Но для инфрасъемки не существует преград. И секунду за секундой, минуту за минутой мы продолжаем следить за каждым его движением. Видим, как он мечется по комнате, обессиленный, падает на диван, снова вскакивает, трясущимися пальцами ищет в кармане сигареты, не может их нащупать, выворачивает карман. Вот они наконец! Знакомая коробка – башня телецентра в миниатюре. Ничего сверхъестественного, если учесть, что ему, как и всем посетителям, раздали телемортоновские сигареты.

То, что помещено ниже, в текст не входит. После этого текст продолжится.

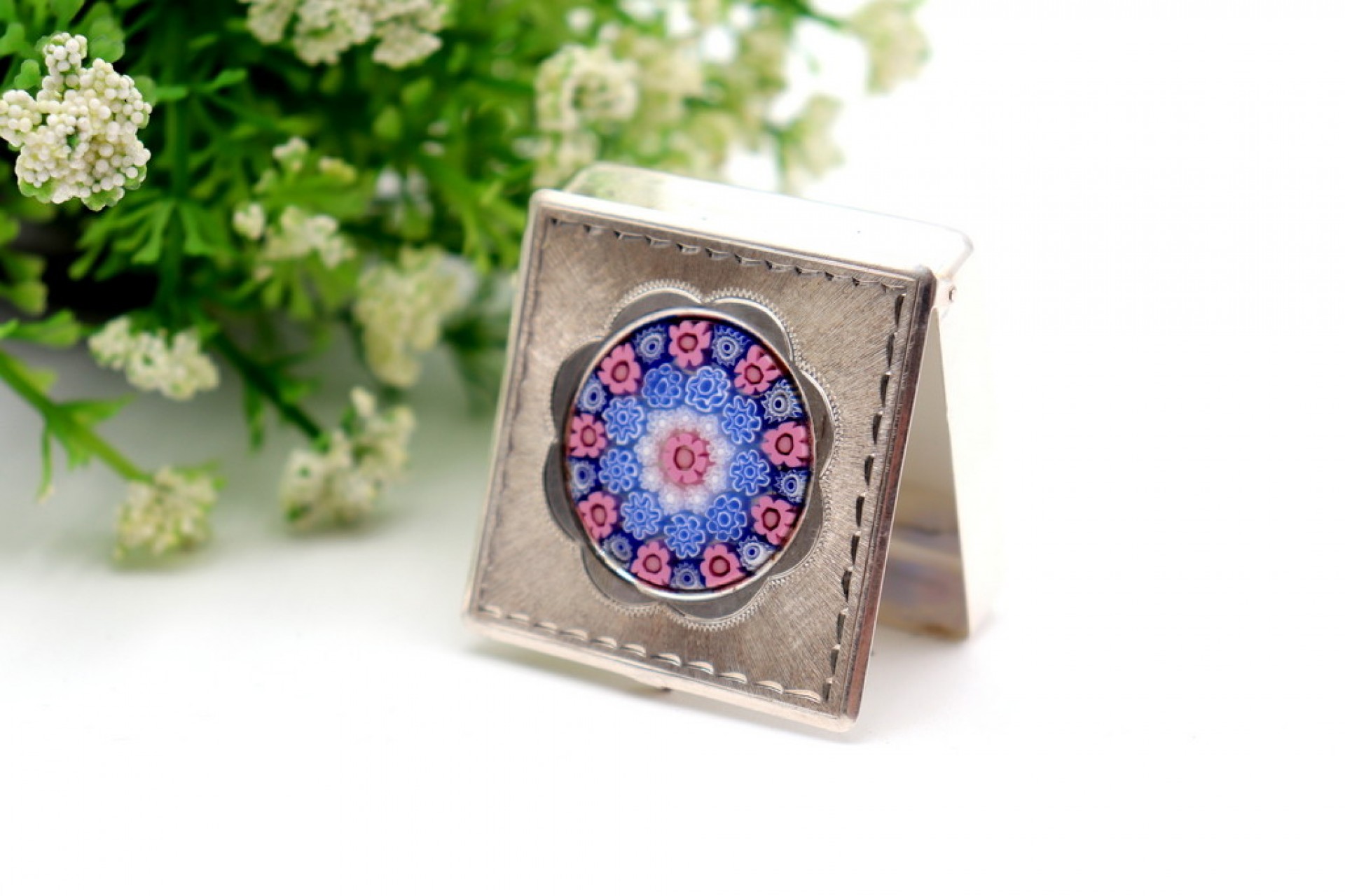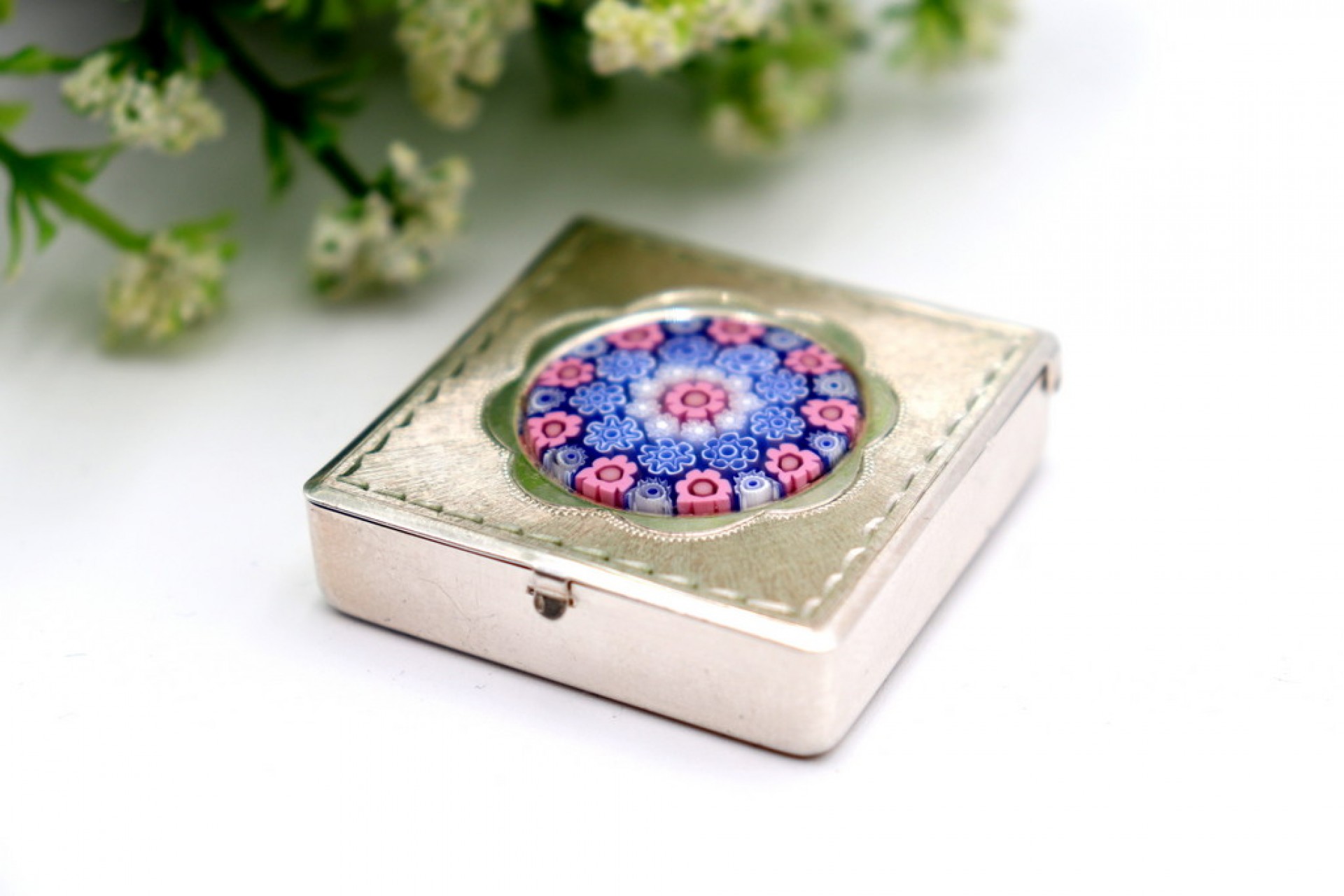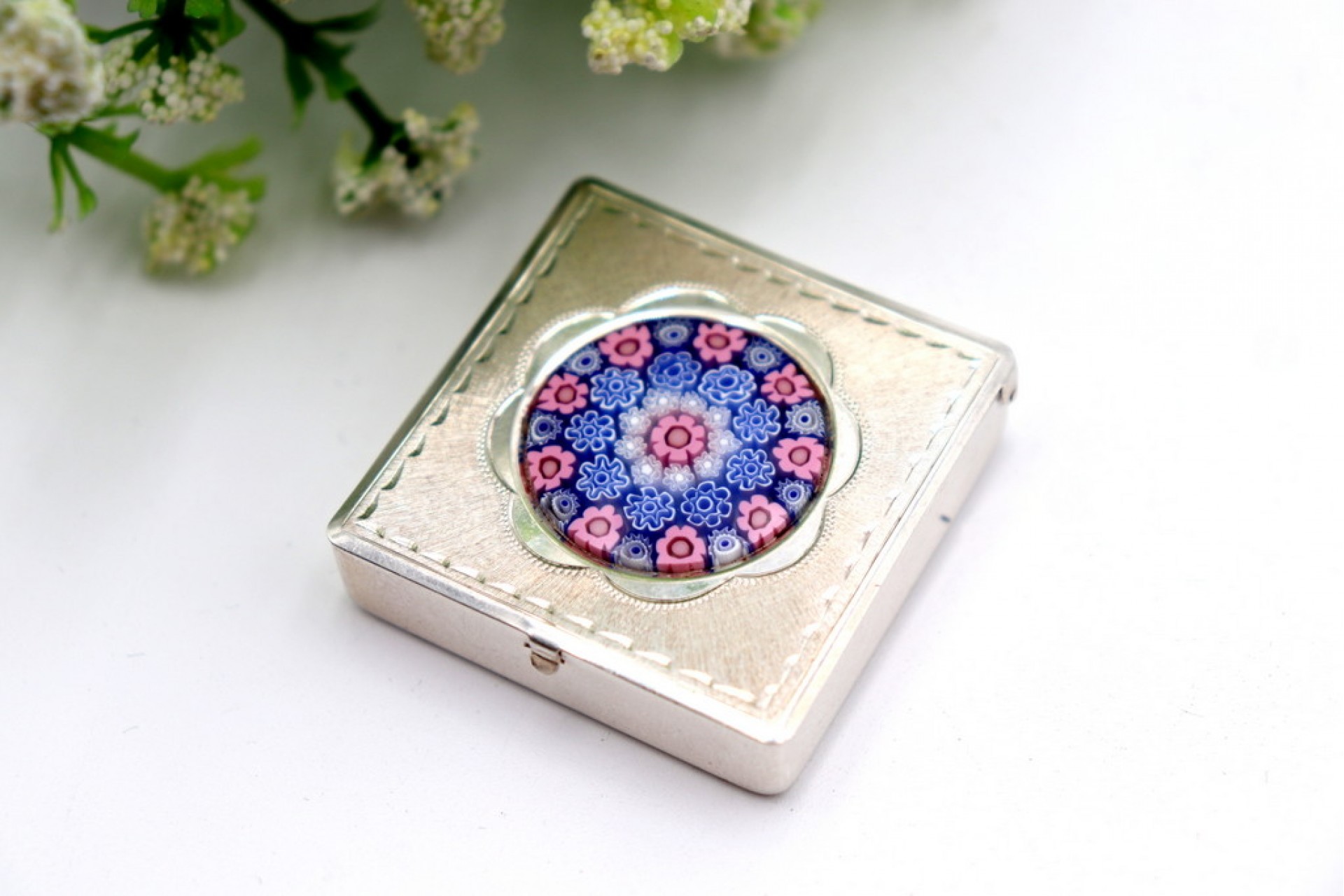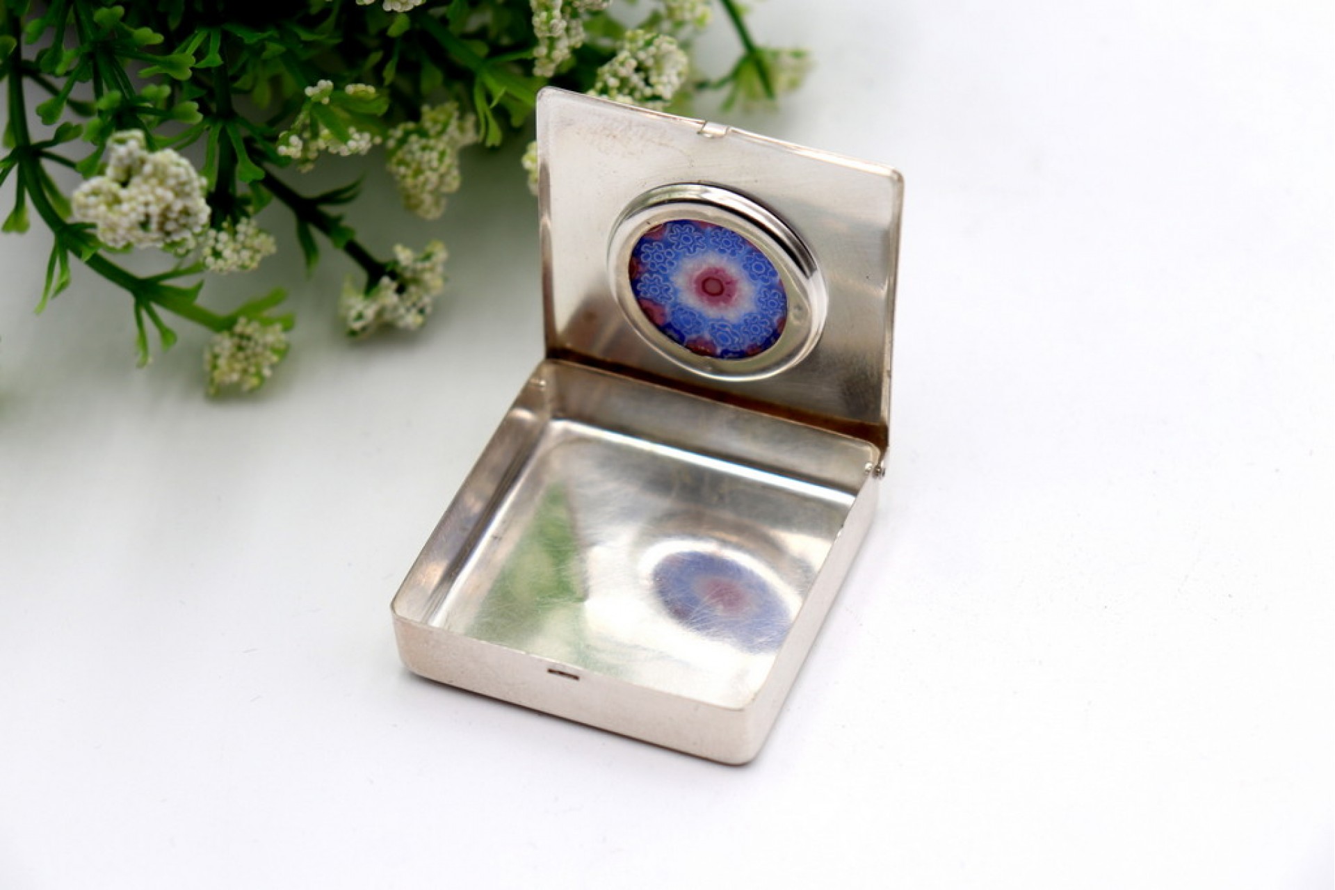 • Descrição: Caixa de comprimidos em prata quadrada com aplicação de vidro de Murano na tampa.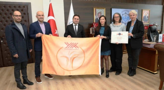 Alanya Alaaddin Keykubat Üniversitesi (ALKÜ), akademik başarılar ve bilimsel projelerinin yanında çevre ve insan yaşamına dair alanlarda da yaptığı çalışmalarla ödül almayı sürdürüyor. ALKÜ Eğitim Fakültesi, engelli bireylerin eğitim ve kampüs yaşamına tam katılımını sağlamak adına yürüttüğü çalışmalarla “Turuncu Bayrak” ödülü aldı. Eğitim Fakültesi Dekanı Prof. Dr. Mustafa Uslu beraberinde, Engelli Öğrenci Koordinatörü Dr. Öğr. Üyesi Seher Ülker, Hizmetlere Erişim Birim Koordinatörü Gülsiye Bıçak, Doç. Dr. Ayşe Yenilmez Türkoğlu ile ALKÜ Rektörü Prof. Dr. Kenan Ahmet Türkdoğan’a Turuncu Bayrak’ı ve belgeyi takdim ettiler.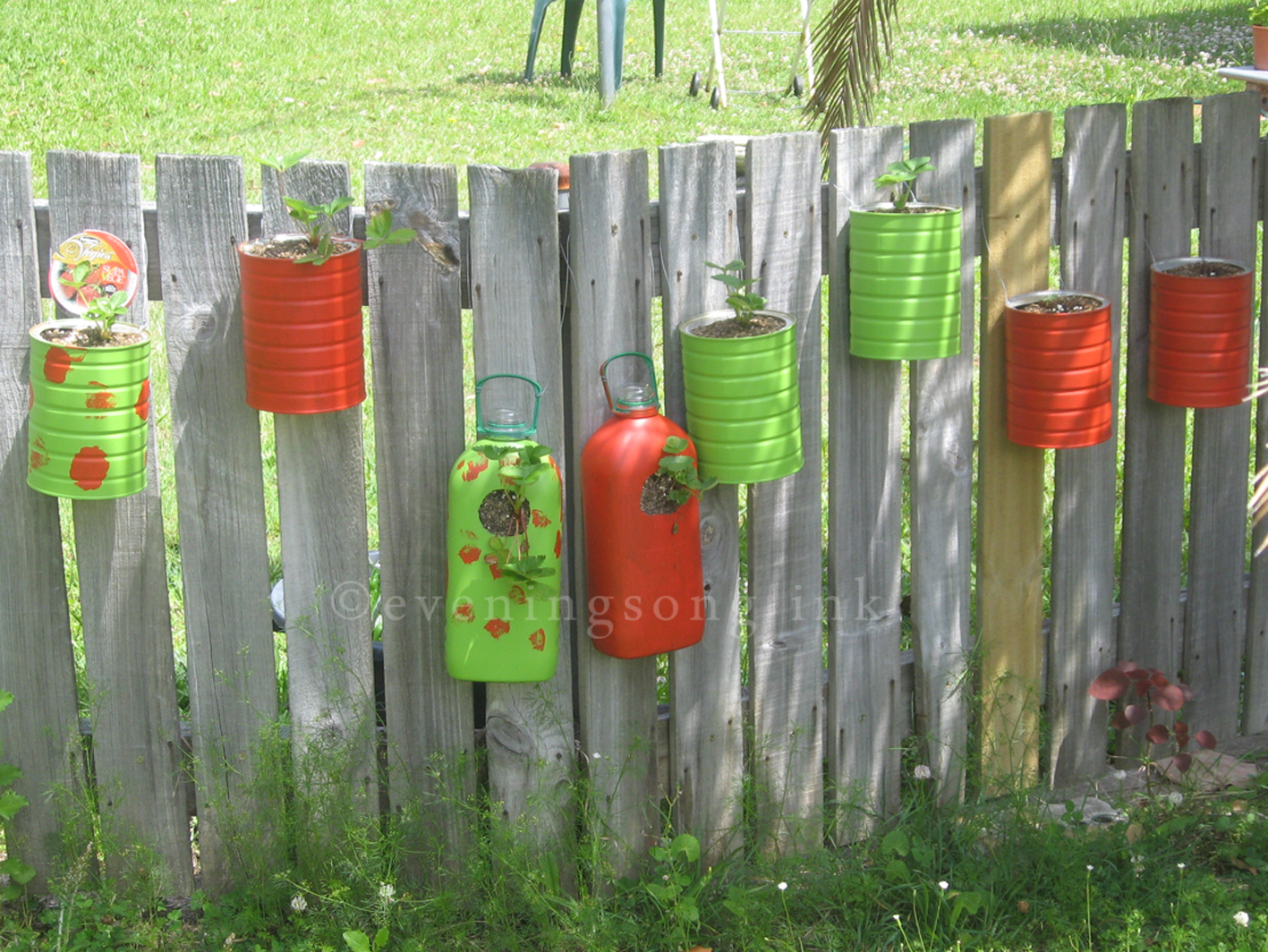 - Can planters - drill two holes at the top of the can opposite each other to thread a hanging wire through. Sand the holes lightly to keep sharp bits at bay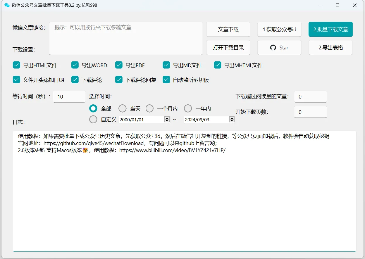 老刘博客今天给大家推荐一款非常不错的微信公众号文章批量下载工具,支持图片、评论下载,支持保存格式也很丰富,例如常见的html/mhtml/md/pdf/docx文件,特别是经过测试,保存文件真的包含md格式,估计使用Typora的小伙伴知道这种格式文件的好处,就可以直接经过编辑上传为自己的文章。当前软件的版本为3.2,而且在B站上也有专门的教程来介绍,但是不知道为什么视频教程是2.6,但是真是软件版本是3.2,感兴趣的小伙伴可以自己去查阅和观看。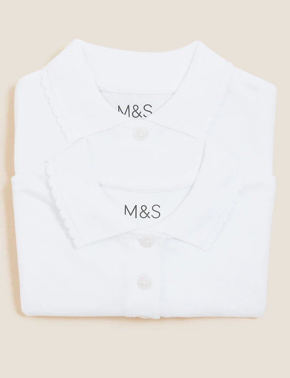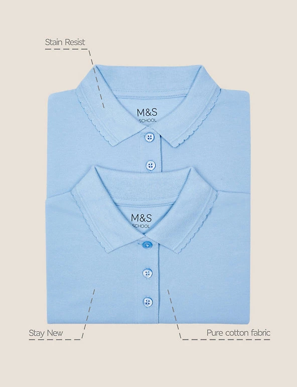 High-quality and durable, these pure cotton multipack regular fit school shirts are stain resistant ensuring protection from spills and splashes . They also come with StayNEWâ„¢ technology that reduces bobbling and colour loss, keeping them looking newer and brighter for longer. These polo shirts have a scallop collar for a stylish look. We are transitioning this garment to organic cotton. While we transition, customers may receive items made with either sustainably sourced cotton or sustainably sourced organic cotton. We only ever use responsibly sourced cotton for our clothes.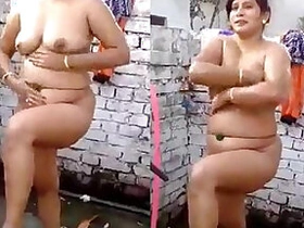 desi auntie self shot bathtub and dress up Video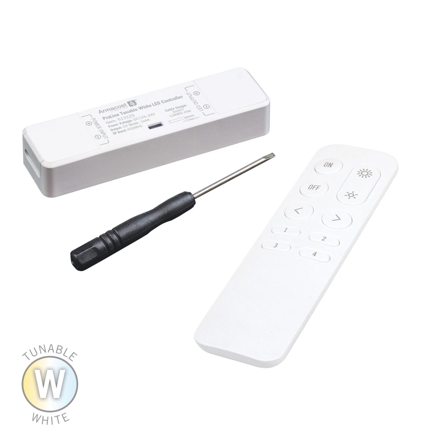 The Armacost Lighting Proline LED Controller for CCT Tunable White LED Lighting features a new, sleek and ergonomic design with soft-touch, positive click summarys. Made specifically for use with RibbonFlex Pro Tunable White LED Strip Lights and Tunable Under Cabinet LED Puck Lights, the LED controller adjusts white color temperatures between 2700K warm white and 5000K daylight white, and dims LED lights from 100% to 0% brightness. The Radio Frequency (RF) remote control works through cabinets, doors, and walls from up to 50ft away and allows you to save up to four favorite color temperature and brightness level settings. The 2C terminal block receiver and CCT remote controller can be paired with multiple tunable white lighting installations.

И все же зрителей охватывает мистическое чувство – человек, совершивший убийство во время передачи Телемортона, курит сигареты Телемортона, и Телемортон показывает его миллионам.

Тягучие минуты, словно отмеренные разбросанными по полу окурками. Но для зрителей, превратившихся в нервный придаток экрана, время бежит с космической скоростью. Некоторые зрители, вероятно, видели убийство Ли Освальда, некоторые – убийство Роберта Кеннеди, за эти десять лет, пока я был отлучен от цивилизации, телевидение, должно быть, не раз задабривало аудиторию подобными сценами, но никогда, никогда не представлялась уникальная возможность – почувствовать состояние убийцы вскоре после совершенного преступления, при помощи сверхчувствительного ока заглянуть в его словно лишенный черепной коробки мозг.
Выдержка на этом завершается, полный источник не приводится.